Я думал, что был понедельник, когда была среда. В это время, однако ж, трудился для твоего журнала. Отвечал Надеждину. Статья моя[58 - «Антикритика».], я думаю, вдвое больше моего предисловия[59 - Предисловие к поэме «Наложница».]. Сам удивляюсь, что мог написать столько прозы. Драма моя почти переписана набело. Теперь сижу за повестью, которую ты помнишь: «Перстень». Все это ты получишь по будущей тяжелой почте. Все это посредственно, но для журнала годится. Благодарю тебя за обещание прислать повести малороссийского автора[60 - Речь идет о «Вечерах на хуторе близ Диканьки» Н. В. Гоголя.]. Как скоро прочту, так и напишу о них. О Загоскине писать что-то страшно. Я вовсе не из числа его ревностных поклонников. «Милославский» его – дрянь, а «Рославлев», быть может, еще хуже. В «Рославлеве» роман ничтожен, исторический взгляд вместе глуп и неверен. Но как сказать эти крутые истины автору, который все-таки написал лучшие романы, какие у нас есть? Мне очень жаль, что Жуковскому не нравится название моей поэмы. В ответе моем Надеждину я стараюсь оправдать его. Не могу понять, почему люди умные и просвещенные так оскорбляются словом, которого полный смысл допущен во всех разговорах. Скажи мне, что он думает о самой поэме, что хвалит и что осуждает. Не бойся меня опечалить. Мнение Жуковского для меня особенно важно, и его критики будут мне полезнее. У меня план новой поэмы[61 - Этот план неизвестен.], со всех сторон обдуманный. Хороша ли будет, Бог знает. На днях примусь писать. Не отдаю тебе отчета в моем плане, потому что это охлаждает. Кстати, послание к Языкову и элегия[62 - «В дни безграничных увлечений…»], которую ты называешь европейской, принадлежит «Европейцу». По будущей почте пришлю тебе еще две-три пьесы…

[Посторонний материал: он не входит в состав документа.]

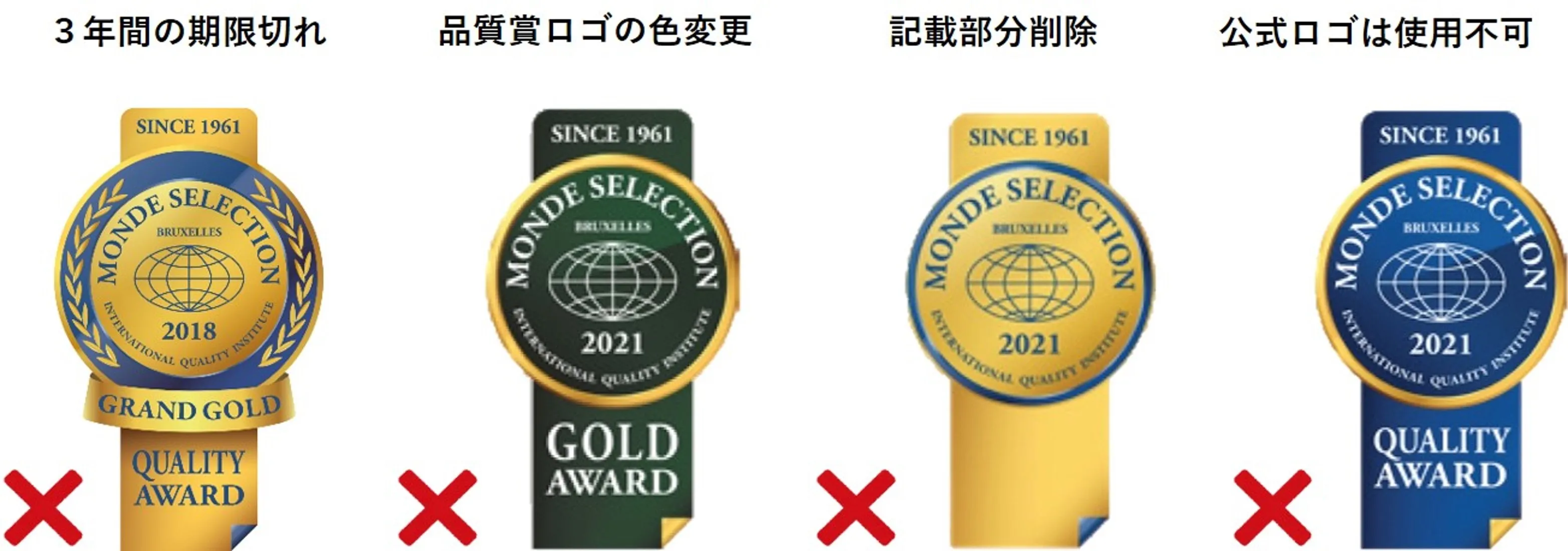 また、品質賞ロゴの色の変更や変形、品質賞の記載部分削除やその他の要素の追加、モンドセレクション公式ロゴの使用などは認められていないのでご注意ください。
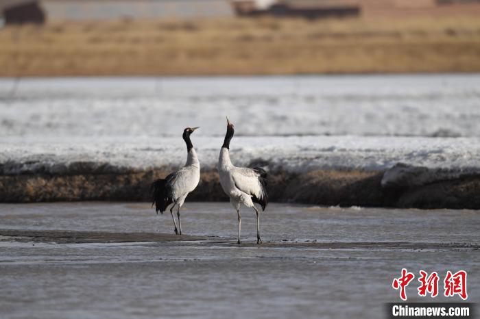 圖為一對成體黑頸鶴在黨河濕地嬉戲。(資料圖) 受訪者供圖
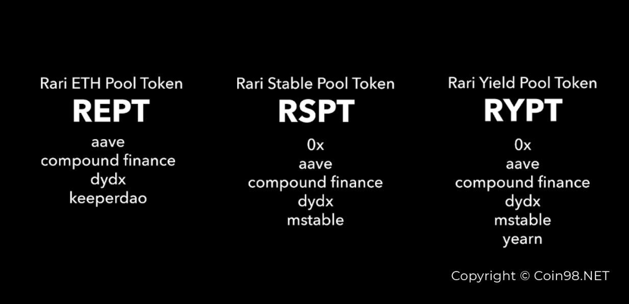 Rari Capital tối ưu hoá lợi nhuận thông qua chuỗi các tài sản ổn định (swap thông qua 0x) trong 3 pool tài sản trên Rari Capital được phân chia theo mức độ rủi ro khác nhau:
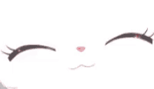 A cute, cartoonish white face with large, shiny red eyes, a small pink nose, and a pink tongue playfully sticking out.
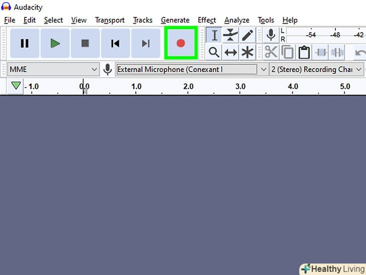Натисніть кнопку "Записати". це червоне коло у верхній частині вікна Audacity. Audacity почне запис.
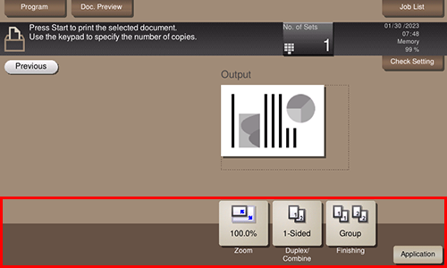 Si une image de sortie ne peut pas être affichée, [Aperçu à l'écran] s'affiche. Pour vérifier une image de sortie, appuyez sur [Aperçu à l'écran], et confirmez l'image de sortie cible sur l'écran d'aperçu.

Каймары. Декабрь 1831 года
Вот тебе для «Европейца». Извини, что все это так дурно переписано: ты знаешь страсть мою к переправкам. Я не мог от них удержаться и при том, что тебе посылаю. Особенно мне совестно за мою драму, которая их не стоит. И я ни за что бы тебе ее не послал, ежели б не думал, что в журнале и посредственное годится для занятия нескольких листов. Пересмотри мою «Антикритику», и что тебе в ней покажется лишним, выбрось. Боюсь очень, что я в ней не держусь немецкого правоверия и что в нее прокрались кой-какие ереси. Драму напечатай без имени и не читай ее никому как мое сочинение. Под сказкой[63 - Повесть «Перстень».] поставь имя сочинителя. Я читал твое объявление: оно написано как нельзя лучше, и я тотчас узнал, что оно твое. Ты истолковал название журнала и умно, и скромно. Но у нас не понимают скромности, и я боюсь, что в твоем объявлении не довольно шарлатанства для приобретения подписчиков, Впрочем, воля Божия. Я подпишусь в будущий год на некоторые из русских журналов и буду за тебя отбраниваться, когда нужно. У меня, кроме плана поэмы, в запасе довольно желчи; я буду рад как-нибудь ее излить…
Казань. Декабрь 1831 года
Ежели уже получено позволение издавать журнал под фирмою «Европейца», пусть он остается «Европейцем». Не в имени дело. Ты меня приводишь в стыд слишком хорошим мнением о моей драме. Спешу тебе сказать, что это только драматический опыт; несколько сцен с самою легкою завязкою. Я от нее не в отчаянии только потому, что надеюсь со временем написать что-нибудь подельнее. Ежели б я вполне следовал своему чувству, я бы поступил с нею, как ты поступаешь с некоторыми из своих творений, т. е. бросил бы в печь… Кстати: я не нахожу тебя в этом отменно благоразумным. Во-первых, не мне быть судьею в собственном деле; во-вторых, каждый, принимающийся за перо, поражен какою-либо красотою, следственно, и в его творении, как бы оно ни поддавалось критике, наверно есть что-нибудь хорошее. Что ж касается до совершенства, оно, кажется, не дано человеку, и мысль о нем может скорее охладить, нежели воспламенить писателя…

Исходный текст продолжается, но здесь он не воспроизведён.